From the first line to the last, repeat the data exactly but leave out the pictures.

Records from a dataset
_____
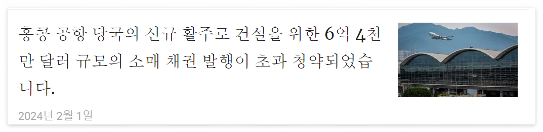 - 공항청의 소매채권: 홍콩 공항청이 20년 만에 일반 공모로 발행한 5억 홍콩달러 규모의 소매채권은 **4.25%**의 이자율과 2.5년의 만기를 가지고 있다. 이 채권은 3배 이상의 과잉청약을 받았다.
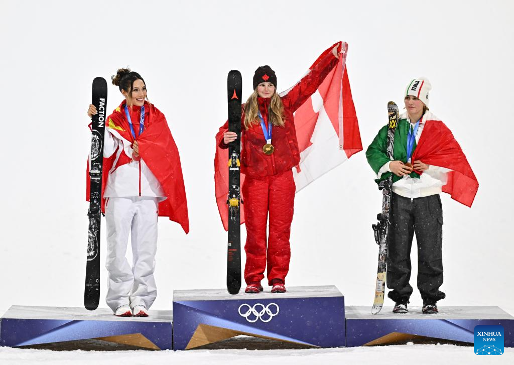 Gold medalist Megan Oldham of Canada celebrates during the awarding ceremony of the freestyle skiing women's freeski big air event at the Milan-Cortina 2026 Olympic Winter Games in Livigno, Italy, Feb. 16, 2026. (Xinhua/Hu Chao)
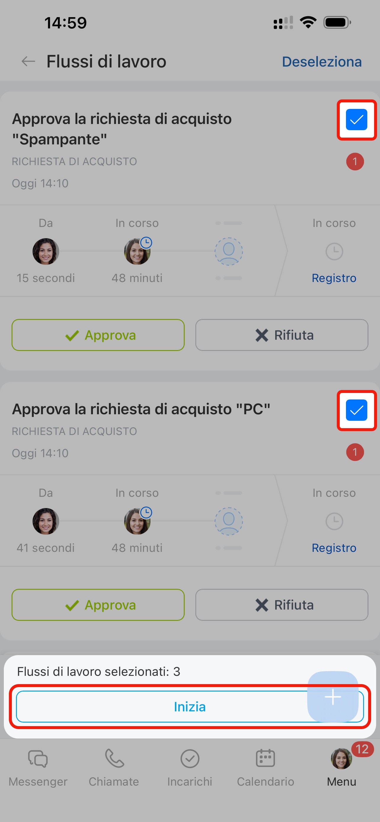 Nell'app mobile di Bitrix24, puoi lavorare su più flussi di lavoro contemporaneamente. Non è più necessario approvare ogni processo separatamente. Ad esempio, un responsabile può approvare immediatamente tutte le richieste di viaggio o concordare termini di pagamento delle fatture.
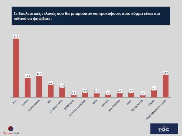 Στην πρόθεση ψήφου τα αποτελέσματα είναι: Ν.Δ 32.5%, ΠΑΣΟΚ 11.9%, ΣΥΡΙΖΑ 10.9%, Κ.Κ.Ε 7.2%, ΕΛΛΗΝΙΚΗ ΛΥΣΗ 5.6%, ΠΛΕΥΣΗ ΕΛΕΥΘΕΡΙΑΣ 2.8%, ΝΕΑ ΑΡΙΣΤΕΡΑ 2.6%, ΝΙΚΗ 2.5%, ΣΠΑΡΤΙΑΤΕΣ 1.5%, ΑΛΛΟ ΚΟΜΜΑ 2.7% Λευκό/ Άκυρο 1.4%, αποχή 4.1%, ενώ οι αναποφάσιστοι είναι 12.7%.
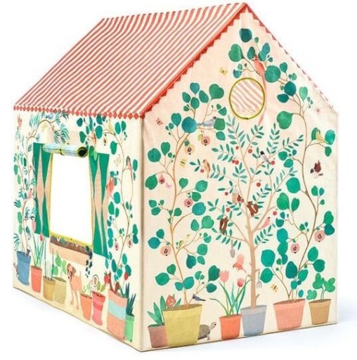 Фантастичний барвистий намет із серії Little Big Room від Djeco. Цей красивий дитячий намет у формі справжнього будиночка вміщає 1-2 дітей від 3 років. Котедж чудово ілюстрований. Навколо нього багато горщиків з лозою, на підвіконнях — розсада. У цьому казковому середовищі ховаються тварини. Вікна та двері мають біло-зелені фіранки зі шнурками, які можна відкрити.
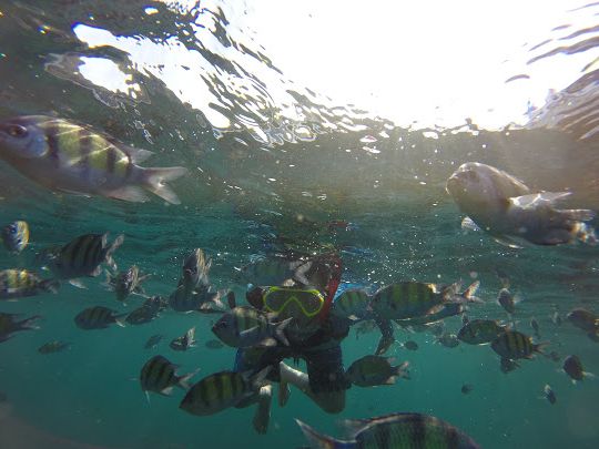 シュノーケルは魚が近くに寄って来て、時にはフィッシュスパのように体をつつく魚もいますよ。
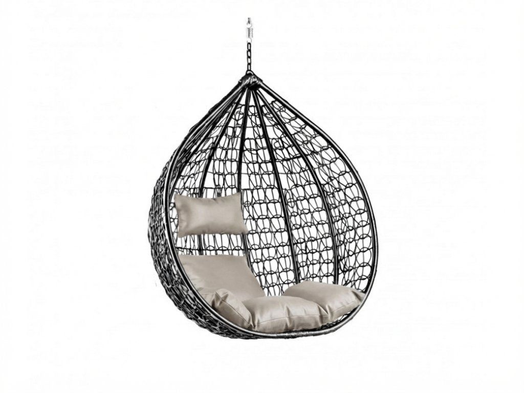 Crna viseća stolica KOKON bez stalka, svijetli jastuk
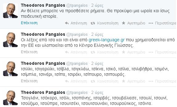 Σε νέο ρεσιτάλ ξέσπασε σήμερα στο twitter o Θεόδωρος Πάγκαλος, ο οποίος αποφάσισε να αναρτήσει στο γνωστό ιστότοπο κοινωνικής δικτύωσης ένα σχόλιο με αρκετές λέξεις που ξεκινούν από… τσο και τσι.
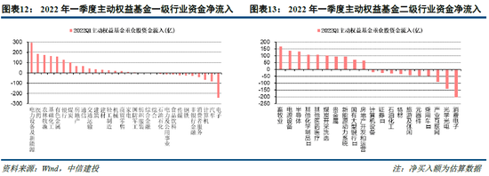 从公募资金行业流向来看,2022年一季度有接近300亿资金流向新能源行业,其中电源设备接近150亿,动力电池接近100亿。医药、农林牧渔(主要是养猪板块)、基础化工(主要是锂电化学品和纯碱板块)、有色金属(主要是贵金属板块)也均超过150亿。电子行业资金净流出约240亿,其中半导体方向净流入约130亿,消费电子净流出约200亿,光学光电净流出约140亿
_____
▶ **RESPONSE TO THE TASK**:
 - 공항청의 소매채권: 홍콩 공항청이 20년 만에 일반 공모로 발행한 5억 홍콩달러 규모의 소매채권은 **4.25%**의 이자율과 2.5년의 만기를 가지고 있다. 이 채권은 3배 이상의 과잉청약을 받았다.
 Gold medalist Megan Oldham of Canada celebrates during the awarding ceremony of the freestyle skiing women's freeski big air event at the Milan-Cortina 2026 Olympic Winter Games in Livigno, Italy, Feb. 16, 2026. (Xinhua/Hu Chao)
 Nell'app mobile di Bitrix24, puoi lavorare su più flussi di lavoro contemporaneamente. Non è più necessario approvare ogni processo separatamente. Ad esempio, un responsabile può approvare immediatamente tutte le richieste di viaggio o concordare termini di pagamento delle fatture.
 Στην πρόθεση ψήφου τα αποτελέσματα είναι: Ν.Δ 32.5%, ΠΑΣΟΚ 11.9%, ΣΥΡΙΖΑ 10.9%, Κ.Κ.Ε 7.2%, ΕΛΛΗΝΙΚΗ ΛΥΣΗ 5.6%, ΠΛΕΥΣΗ ΕΛΕΥΘΕΡΙΑΣ 2.8%, ΝΕΑ ΑΡΙΣΤΕΡΑ 2.6%, ΝΙΚΗ 2.5%, ΣΠΑΡΤΙΑΤΕΣ 1.5%, ΑΛΛΟ ΚΟΜΜΑ 2.7% Λευκό/ Άκυρο 1.4%, αποχή 4.1%, ενώ οι αναποφάσιστοι είναι 12.7%.
 Фантастичний барвистий намет із серії Little Big Room від Djeco. Цей красивий дитячий намет у формі справжнього будиночка вміщає 1-2 дітей від 3 років. Котедж чудово ілюстрований. Навколо нього багато горщиків з лозою, на підвіконнях — розсада. У цьому казковому середовищі ховаються тварини. Вікна та двері мають біло-зелені фіранки зі шнурками, які можна відкрити.
 シュノーケルは魚が近くに寄って来て、時にはフィッシュスパのように体をつつく魚もいますよ。
 Crna viseća stolica KOKON bez stalka, svijetli jastuk
 Σε νέο ρεσιτάλ ξέσπασε σήμερα στο twitter o Θεόδωρος Πάγκαλος, ο οποίος αποφάσισε να αναρτήσει στο γνωστό ιστότοπο κοινωνικής δικτύωσης ένα σχόλιο με αρκετές λέξεις που ξεκινούν από… τσο και τσι.
 从公募资金行业流向来看,2022年一季度有接近300亿资金流向新能源行业,其中电源设备接近150亿,动力电池接近100亿。医药、农林牧渔(主要是养猪板块)、基础化工(主要是锂电化学品和纯碱板块)、有色金属(主要是贵金属板块)也均超过150亿。电子行业资金净流出约240亿,其中半导体方向净流入约130亿,消费电子净流出约200亿,光学光电净流出约140亿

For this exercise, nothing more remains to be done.